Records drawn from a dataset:
------------------------------

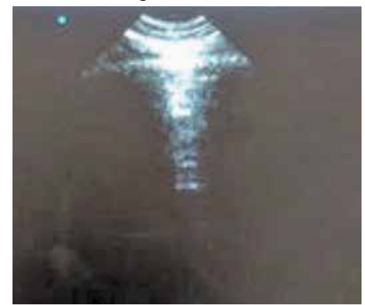
B lines (also known as comet or rocket tails) were absent in all lung fields imaged.

detection of the intra-abdominal hypertension was only 67.5% when the surface area of the IVC was < 1 \text{ cm}^2/\text{m}^2 .<sup>31</sup>
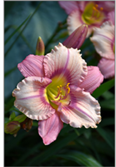
Happy Ever Appster Stephanie Returns Daylily flowers

Happy Ever Appster Stephanie Returns Daylily is recommended for the following landscape applications;
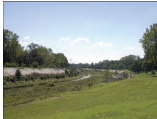
River Des Peres

Description: Great Rivers Greenway provided funding to plan, design and construct approximately 4 miles of greenway and trails within the Christy Greenway. The greenway will connect the River Des Peres Greenway to existing bicycle paths in south St. Louis City.
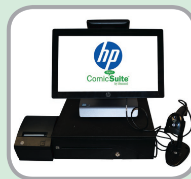
PREMIUM Hardware Bundle $5650.00

All Hewlett-Packard components! Includes FREE on-site HP warranty program!
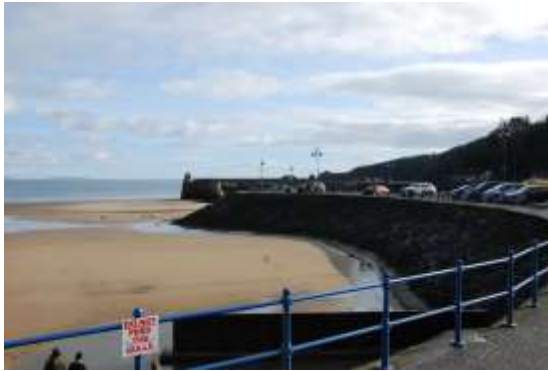
Saundersfoot harbour and beach
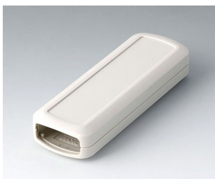
B2824107 CONNECT S ASA+PC (UL 94 V-0) off-white RAL 9002 120x42x22mm
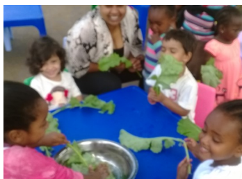
Cleaning the vegetables

Pretend cooking was also part of the excise.
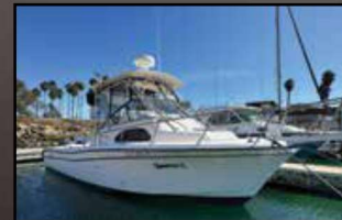
Grady White 282 Sailfish Very well cared for and rigged Grady 282 marlin w/low hours on twin Yamaha 225s
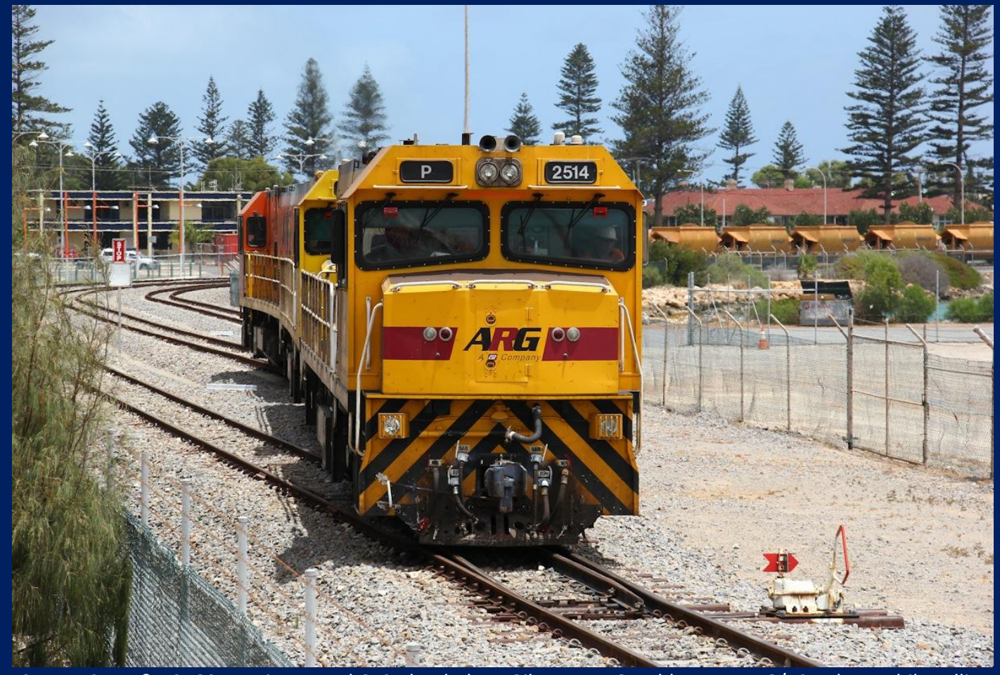
P2514, P2517 & P2509 running round 6721 loaded Mt Gibson ore Geraldton Port 18/12.
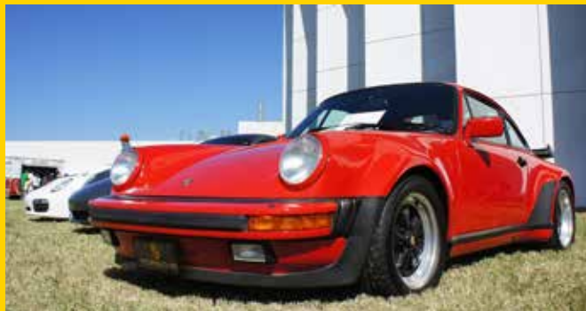
Porsche Old Timer Award

------------------------------

- About this task -
Omit the pictures, then extract verbatim only those lines that fall between the line containing "P2514, P2517 &" and the final line of the records above, both included.

- Written answer -
P2514, P2517 & P2509 running round 6721 loaded Mt Gibson ore Geraldton Port 18/12.
Porsche Old Timer Award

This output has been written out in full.